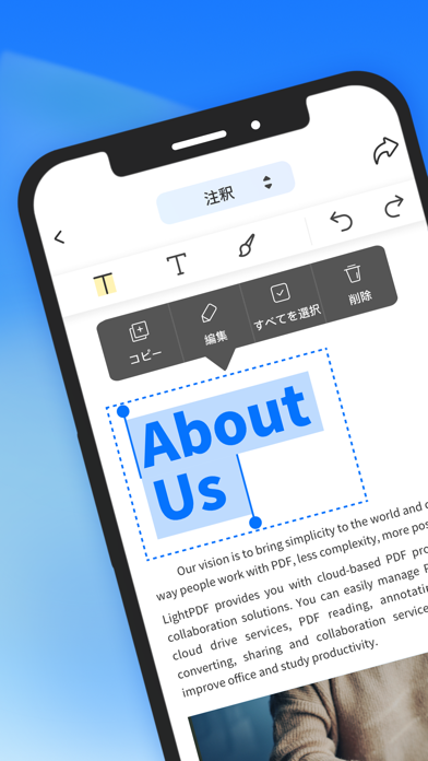 アプリを使えば、クラウド上のPDFをいつでもどこでも編集ができます。主な機能はPDFの表示、注釈付け、署名、共同編集などです。出先で編集したいときやファイルをまとめたいときにおすすめ。アプリを使ってPDFをより手軽なものにしませんか?
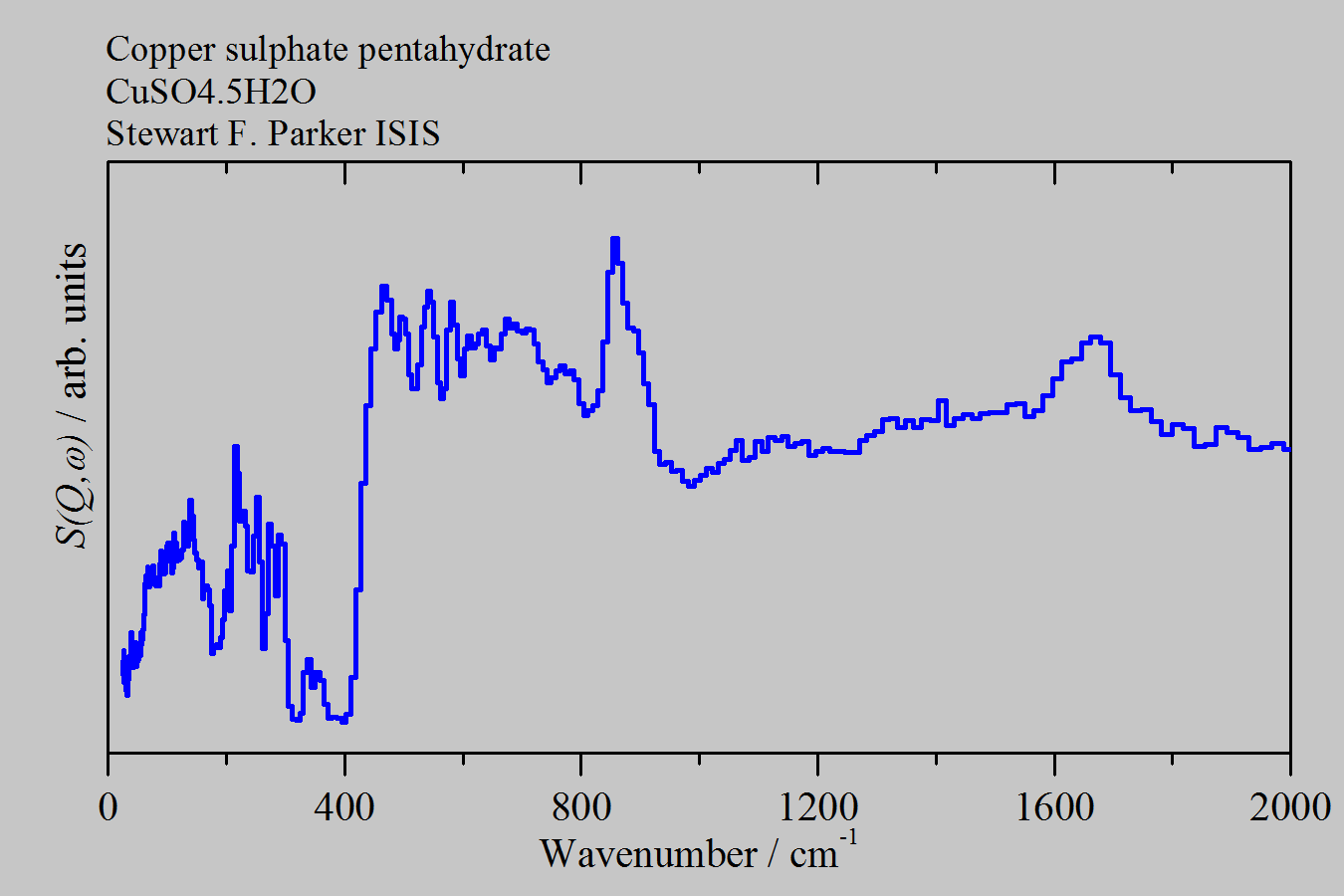 Inelastic Neutron Scattering spectrum of Copper sulphate pentahydrate, CuSO4.5H2O, measured on the TOSCA instrument.
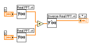 Auf diese Weise wird eine lineare Faltung, keine zirkuläre erzielt. Da jedoch x(t) * y(t)N ⇔ X(f)Y(f) ein Fourier-Transformationspaar ist, wobei x(t) * y(t)N die zirkuläre Faltung von x(t) und y(t) ist, können Sie eine zirkuläre Version der Faltung erstellen. Zur Berechnung der zirkulären Faltung können Sie das Blockdiagramm zum Beispiel so aufbauen, wie in der folgenden Abbildung dargestellt.
════════
EXERCISE INSTRUCTIONS: Exclude the pictures from the copy. Retype exactly the lines running from the one containing "Inelastic Neutron Scattering" through the last line of the listing.

RESULT OF THIS EXERCISE:
 Inelastic Neutron Scattering spectrum of Copper sulphate pentahydrate, CuSO4.5H2O, measured on the TOSCA instrument.
 Auf diese Weise wird eine lineare Faltung, keine zirkuläre erzielt. Da jedoch x(t) * y(t)N ⇔ X(f)Y(f) ein Fourier-Transformationspaar ist, wobei x(t) * y(t)N die zirkuläre Faltung von x(t) und y(t) ist, können Sie eine zirkuläre Version der Faltung erstellen. Zur Berechnung der zirkulären Faltung können Sie das Blockdiagramm zum Beispiel so aufbauen, wie in der folgenden Abbildung dargestellt.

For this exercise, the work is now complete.